Wollenberg devotes a special chapter to Trotsky and the Red Army and generally supports his views on military doctrine. Trotsky was a determined opponent of those who idealised guerrilla methods or who worshipped ‘the total offensive’. He saw that the Red Army had to be built up in the most methodical way with the emphasis on training, organisation and technical efficiency as well as on political consciousness. Although generally an admirer of Tukhachevsky who, like himself, had come over to the side of the revolution from the officer corps of the old army, Wollenberg comes down decidedly on Trotsky’s side over the Polish campaign. Tukhachevsky put too much confidence in the ability of the Red Army to awaken working class support against the Polish bourgeoisie. Trotsky was the only member of the Central Committee to warn of the dangers of trying to carry the revolution into ethnic Poland on the point of the bayonet, and he was proved right.

Although Wollenberg supported Trotsky on military questions, he was a critic of Trotsky’s political line in the 1920s and 1930s as this book shows. A word of caution is therefore necessary about his own political standpoint. Wollenberg knew at first hand of the Stalinist degeneration and his witness to its effects on the Red Army is one of the most valuable parts of this book. However, there seems little doubt that the effect of Stalinism was to disorient him politically and he lost confidence in the working class.

This tendency is still more evident in the later edition of this book to which he added several chapters on the political developments in the Soviet Union. Even in this edition he speaks of the bureaucracy as a new ruling class and he was later to adopt the view that the Soviet Union had become a state capitalist country. Wollenberg fails to defend this thesis with any convincing analysis, nor does he give any substance to his criticisms of Trotsky’s policies or propose an alternative. Disillusioned with the Stalinist course during which the officers of the Red Army to whom he had been closely attached were sent wantonly to their death, he turned into an aimless commentator. This reaction is understandable, but it is not excusable. Wollenberg was better versed in military science than in Marxism.

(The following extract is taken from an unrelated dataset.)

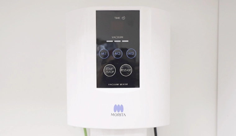 高精細な模型を製造する際に必要な技工用の機器になります。通常、手で練ることの多い石膏ですが、真空練和を行うことでより精密な模型を作製できるので被せ物の精度の向上に繋がります。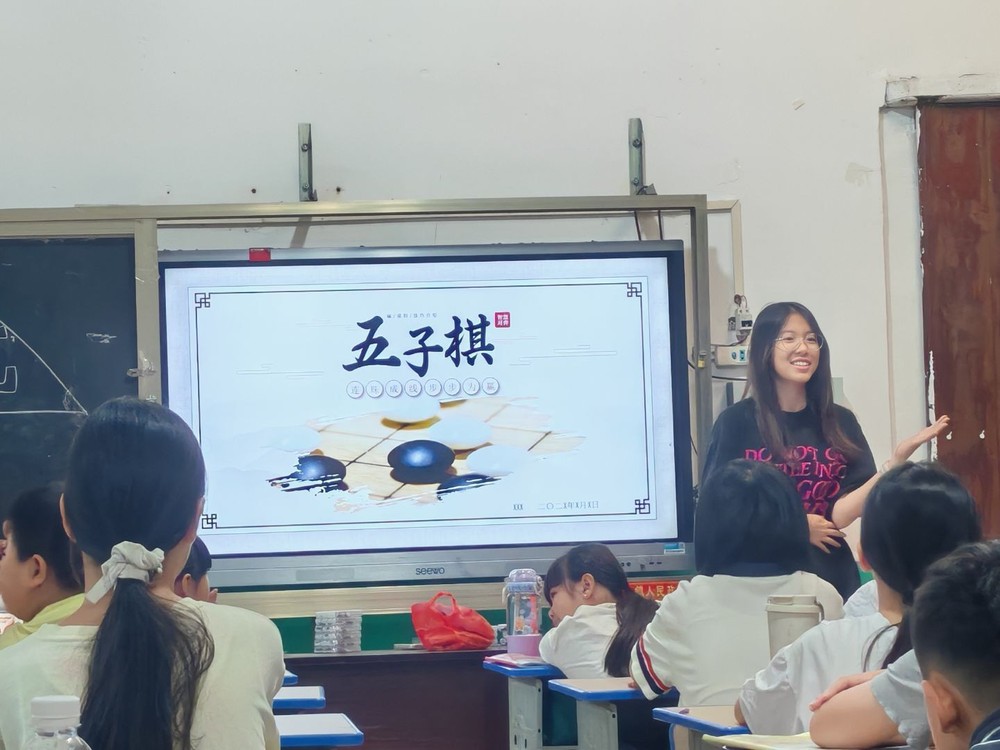 在棋类课堂上,实践队队员杨雯昕介绍围棋的来历与悠久历史,详细讲解五子棋规则和围棋规则,孩子们两两一组展开激烈对决。团队赛环节,孩子们依次上台对弈,现场气氛紧张又热烈。孩子们在棋盘上落下一颗颗棋子,体验着围棋的独特魅力。

The reader should thus be alerted to the political weaknesses and dangers of this book, which were to be demonstrated in Wollenberg’s own evolution. Nevertheless it conserves considerable value as both historical evidence and personal testimony regarding the Russian Revolution and its degeneration. In its early years the Red Army was indeed an army of a new type, the product of a great revolution like Cromwell’s New Model Army and the armies of the French Revolution. Unlike them it was a working class army, an army of the future. It was already showing that the proletariat was capable of mastering the most advanced military techniques necessary in the struggle against capitalism and able to make innovations of its own. To the surprise of some, they will learn that it was Trotsky and not Guderian or De Gaulle who was the first advocate of mechanised divisions. It was the Red Army, under Tukhachevsky, which first trained parachute regiments, the idea being that they would drop behind enemy lines and link up with detachments of workers fighting against their imperialist rulers.

Unfortunately the Red Army fell victim to the dead hand of the Stalinist bureaucracy. The devastation wrought in its ranks by the murder of Tukhachevsky and his companions and the mass purges of the command structure meant that when the Wehrmacht struck in June 1941, the Soviet forces had to retreat hundreds of miles and were brought to the brink of defeat. Only the resurgence during the war of the same revolutionary spirit which had animated the Red Army during the Civil War made victory possible. It was no thanks to the Voroshilovs and Budennys, Stalin’s favourites, who proved to be spent forces. But once victory had been assured Stalin made sure that the army was brought strictly under control. Above all he feared that the truth would become known about the past. In the course of the political revolution against the bureaucracy the Soviet working class will have to open up all the archives and discover the truth. This book by Wollenberg is a contribution to setting history straight as far as the Red Army is concerned.